I've finally gotten around to taking the plunge and using a password manager program rather than keeping track of everything in a little password book.
Anyone have any suggestions on what's a good password manager? I'm looking for one that includes cloud-based functionality, though I don't mind if it's not exclusively cloud-based. Just don't want to lose everything if my hard drive dies on me.
I've finally gotten around to taking the plunge and using a password manager program rather than keeping track of everything in a little password book.
Anyone have any suggestions on what's a good password manager? I'm looking for one that includes cloud-based functionality, though I don't mind if it's not exclusively cloud-based. Just don't want to lose everything if my hard drive dies on me.
Passwordkeeper on my BB works great. I have a cheaper one on my Samsung phone. I don't use one on my desktop.
Fuck I'm not sure if they are included in any back up but you can export your passwords as a text file and then back it up on your computer or anywhere else, if not print it and keep it in a safe place. But you make a good point about keeping a back up.
I'm uneasy about cloud storage of anything crucial.
I remember seeing a comic on Letterman years ago, and he said he doesn't keep track of his passwords. Whenever he goes to a website that he's already part of, he just clicks the 'Forgot password' button and a new password is sent to his email. Then he uses the new password. I've done that a couple of times, so you only need to remember your email password. It's actually better than a password manager, because the password is always changing and it's not stored anywhere it could be hacked.
Have many hundreds of pw. used RoboForm for years than switched to LP maybe 5 years ago.. the form fill is also very helpful to post various credit card info when buying and have different cards for business vs personal etc. I also love my 1520 Windows phone that it works fairly well with, although I rarely use phone since office in home etc. When in Canada use as hotspot to use larger laptop which also has LP.
I remember seeing a comic on Letterman years ago, and he said he doesn't keep track of his passwords. Whenever he goes to a website that he's already part of, he just clicks the 'Forgot password' button and a new password is sent to his email. Then he uses the new password. I've done that a couple of times, so you only need to remember your email password. It's actually better than a password manager, because the password is always changing and it's not stored anywhere it could be hacked.
But what's the risk of someone hacking lastpass and getting access to ALL your accounts? Is it hackable?
Right now I keep my passwords on an encrypted notes app on my phone only, not linked to the cloud, and for some accounts without full information. So to get into it someone has to get my phone, access it via the access code, then access the app with a code. Then there is a list of accounts with mixed information. Some are account numbers and passwords, others are stuff like "Rogers: yahoo, Dave's cottage". So, I know that for Rogers I used my yahoo email and the name of the lake Dave's cottage is on. That part is unhackable, as it's meaningless to anyone but me. But the ones that have full account number and actual password are vulnerable if hacked. But I need to list the full account number and password or I'll forget. Is last pass any safer than that - stored on my phone on an encrypted note?
I keep hard copy in my safe deposit box at the bank in case my phone dies, lol.
But what's the risk of someone hacking lastpass and getting access to ALL your accounts? Is it hackable?
Right now I keep my passwords on an encrypted notes app on my phone only, not linked to the cloud, and for some accounts without full information. So to get into it someone has to get my phone, access it via the access code, then access the app with a code. Then there is a list of accounts with mixed information. Some are account numbers and passwords, others are stuff like "Rogers: yahoo, Dave's cottage". So, I know that for Rogers I used my yahoo email and the name of the lake Dave's cottage is on. That part is unhackable, as it's meaningless to anyone but me. But the ones that have full account number and actual password are vulnerable if hacked.
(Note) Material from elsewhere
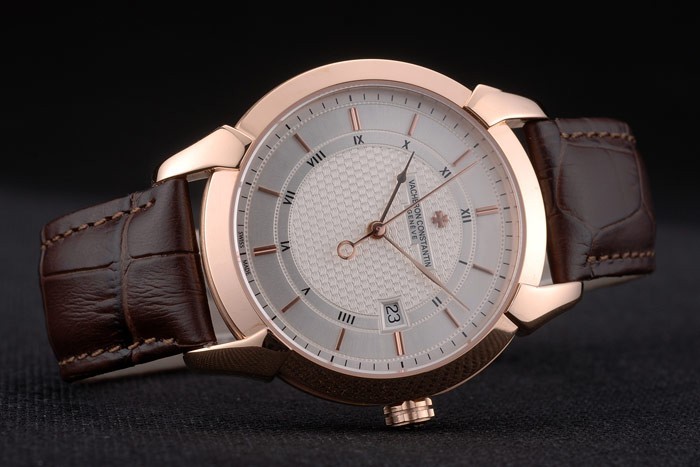 Bracelet: Calor en relieve logotipo de Vacheron Constantin y correa de piel de cocodrilo marrón con 18k Rose- chapado en oro logotipo de gancho hebilla clasp

But I need to list the full account number and password or I'll forget. Is last pass any safer than that - stored on my phone on an encrypted note?
I keep hard copy in my safe deposit box at the bank in case my phone dies, lol.
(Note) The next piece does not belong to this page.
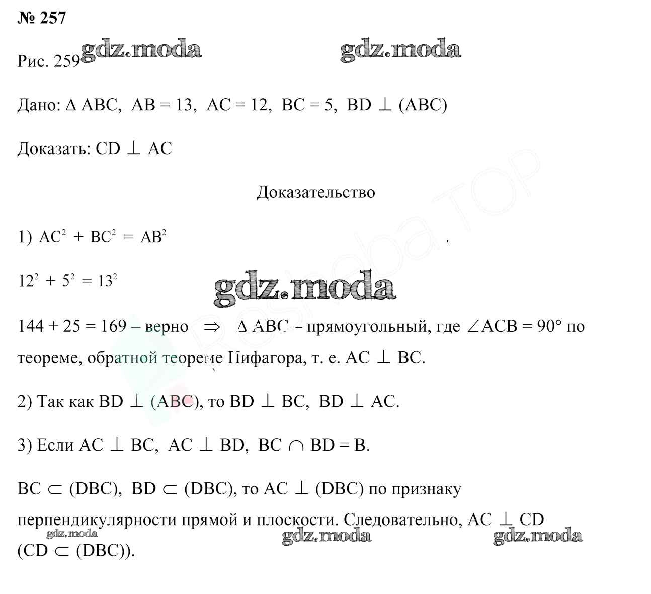 ОТВЕТ на задание № 257 Учебник по Геометрии 10 класс Латотин

1) accidentally turn on Google backup; they then get a copy of your encrypted note. Low-ish risk (unless this is the kind of encrypted note that can be recovered even if you forget your password)
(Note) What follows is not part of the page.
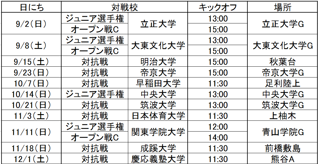 2018年度 秋季対抗戦・ジュニア選手権日程 2018/07/25 平素よりAGRの活動にご理解・ご尽力賜り誠にありがとうございます。 2018年度秋季対抗戦・ジュニア選手権の日程が決定いたしました。詳細は下記をご覧ください。 ※日にちや会場は変更になる場合がございます。 皆様のご来場、ご声援のほどよろしくお願いいたします。 » トピックス一覧
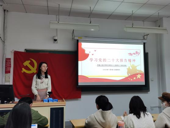 奈飞工厂 2022级硕士二班党支部开展“深入学习党的二十大报告,落实学校第十五次党代会任务部署”的主题党日活动,张若琳同志带领支部全体成员回顾了党的二十大报告基本内容,针对“推进文化自信自强,铸就社会主义文化新辉煌”板块,联系总书记在人民大学考察时提到的加强古籍典藏的保护修复,分享了自己的感受和体会。

2) for seldom used passwords, you might forget the meaning of your note. Otherwise you might have to make the note too obvious and an attacker could guess the meaning
For a password manager, you have to remember one very difficult password (minimum randomized 12 chars, 16 probably better, and mixes alphabet case and numbers). Even if an attacker gains access to your password database it should be difficult to decrypt. If you forget that one password you are screwed. And when choosing that master password don't think any system you devise is better than having a computer perform the randomization for you. If you can come up with a system, so can an attacker.